Monday, Sep. 13, 1971
Return of the Toddy Tappers
The toddy tappers of Tamil Nadu triumphed last week after 23 years of temperance. Toddy is a potent and pungent Indian drink fermented from palm sap, traditionally collected by tappers who scamper daily to treetops to retrieve earthenware pots filled with sap tapped from the trees. But toddy tapping became a near-forgotten craft after 1948, when Tamil Nadu responded to a plea by Mohandas Gandhi to save Indians-and their pay envelopes -from toddy.
Last week Tamil Nadu suspended prohibition, and toddy shops were licensed to brew the potion again. But after so long a time, they could round up few able tappers. Those who remained took advantage of the situation, demanding, and getting, daily wage increases of from 41-c- to $1.33. They also received such unheard-of fringe benefits as salary advances, insurance, medical care, brick houses to live in instead of mud and straw huts, and profit sharing.

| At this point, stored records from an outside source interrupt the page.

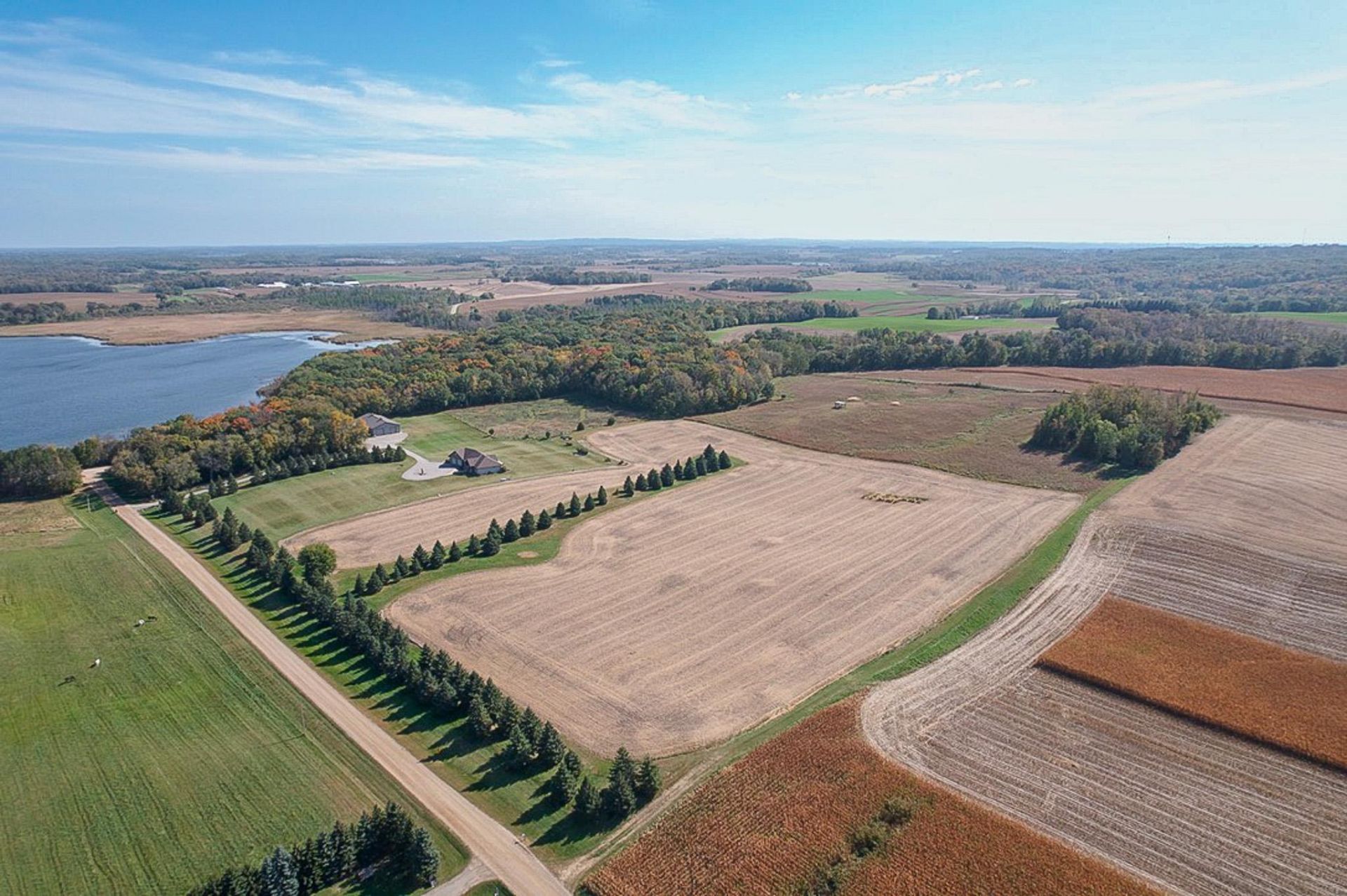 Nestled on 40 acres with breathtaking views this custom-built home presents the country living experience of your dreams. The 54'x96' shed with a Southern exposure covered porch provides you with all your entertaining & storage needs in one space. The impressive ranch style home with amazing views in all directions & is filled with natural light. A heated & finished garage featuring extra storage area, screen porch, built-in dog kennel & wash station and stairs leading to the lower level. Highlights of the main level include a cozy gas fireplace w/ full stone accent, 9' ceilings w/ vaulted great room, chef's kitchen w/ granite tops & walk-in pantry, primary owner's suite with direct access to main floor laundry, Andersen windows plus so much more. In the lower level, you can relax by the wet bar or another fireplace w/ built-in entertainment center. This home was built with efficiency & convenience in mind with geothermal heating, zoned in-floor heating plus a whole property backup generator. There are so many features that this home needs to be experienced to appreciate all the thoughtful upgrades & details. A rare opportunity that combines functionality, elegance & privacy.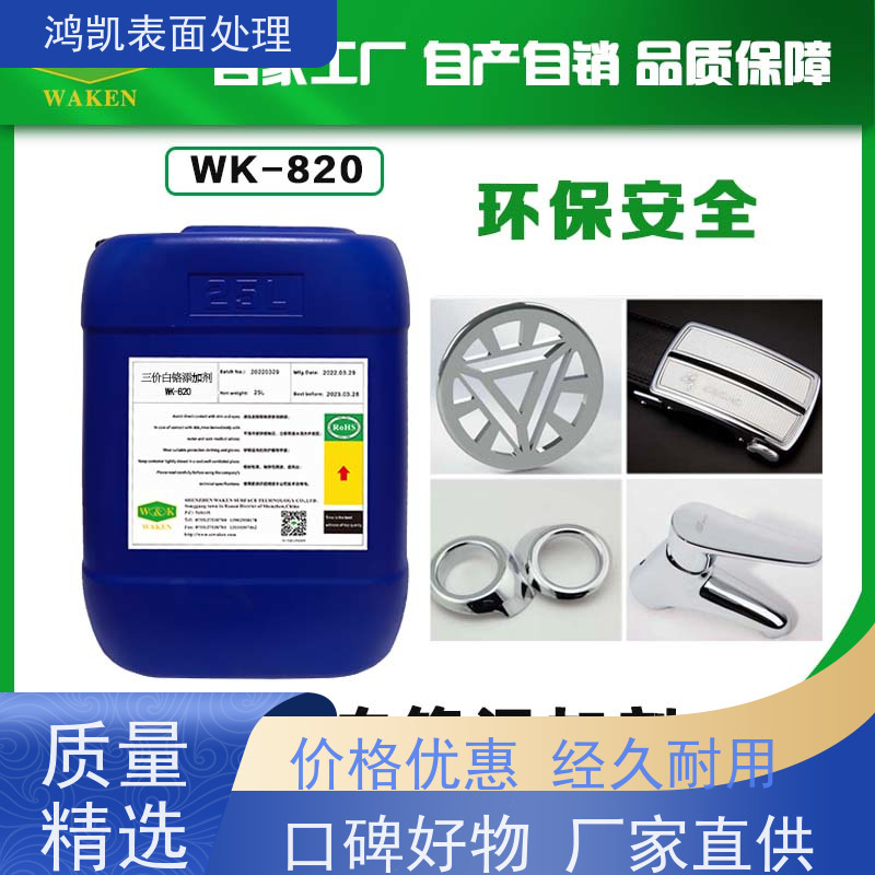 三价白铬添加剂产品简介 三价白铬添加剂是一种环保型电镀化学品,主要用于替代传统六价铬(Cr??)工艺,符合全球日益严格的环保法规(如欧盟RoHS、REACH)。其核心成分为三价铬离子(Cr3?),通过有机配位剂(如甲酸盐、乙酸盐)稳定存在,确保镀液的高效性和镀层的均匀性。相较于六价铬,三价白铬添加剂毒性显著降低(LD50>2000 mg/kg),废水处理更简便(Cr3?浓度<1.0 mg/L即可达标)。典型镀层呈现银白色至蓝白色,广泛应用于装饰性及功能性电镀领域。目前市场主流品牌包括麦德美(Atotech)、赛德克(Covestro)等,产品细分型号可满足不同行业需求,如无钴配方(避免过敏)或高耐温型(>300℃)。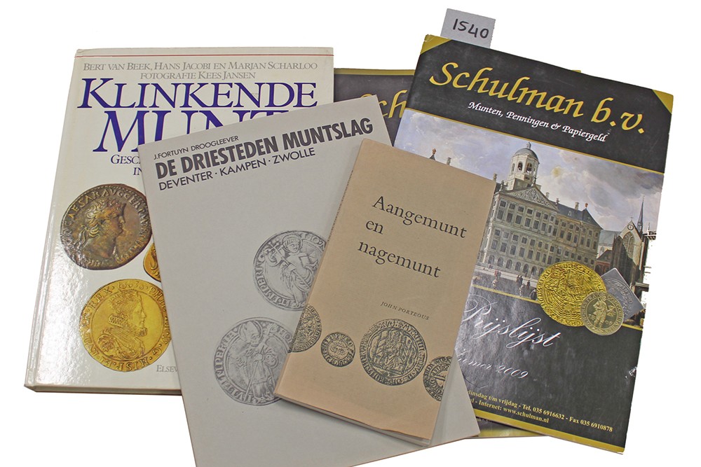 Lot (5) diverse boekjes en prijslijsten, o.a. De Driesteden Muntslag Deventer-Kampen-Zwolle en Aangemunt en nagemunt.

Tamil Nadu's chief minister, Muthuvel Karunanidhi, a teetotaler himself, was obviously irked when legislative assembly members greeted his decision with cheers. The move had been more or less forced upon him. As Karunanidhi metaphorically put it, the state had become "a gem of camphor surviving unlit in the midst of the flaming tongues of a hoop of fire"-meaning that thirsty Tamils had only to drive to adjoining Pondicherry, Mysore, Kerala or Andhra Pradesh for a drink. There was also an overriding economic reason for repeal. The state faces an $80 million budget deficit. Toddy will bring in an estimated $35 million from taxes and licenses.
Repeal started slowly last week because the first 90 minutes that toddy shops were allowed to open conflicted with the ascendancy of the demon Rahu,*who occasionally punishes unseemly conduct by destroying a man's wisdom, money or children. Business picked up later, however, and in Madras alone 150 drunks had been arrested by nightfall. That pointed up another worry. Too much tippling could wreck the state's principal industry: movies in the Tamil dialect. Since no one else understands them. Tamil movies are shown over and over to local viewers, who are often so taken with the actors, plot or music that they come back a third or fourth time. The problem now is, will the movie audiences remain as faithful when they have toddy shops to go to instead?
*A tippler himself, Rahu stole and sipped the nectar of immortality. As punishment, he was snipped in two by Vishnu. The sun and the moon tattled on Rahu; he still tries to retaliate by swallowing them. Sometimes he does, causing eclipses, but they always slip through his throat.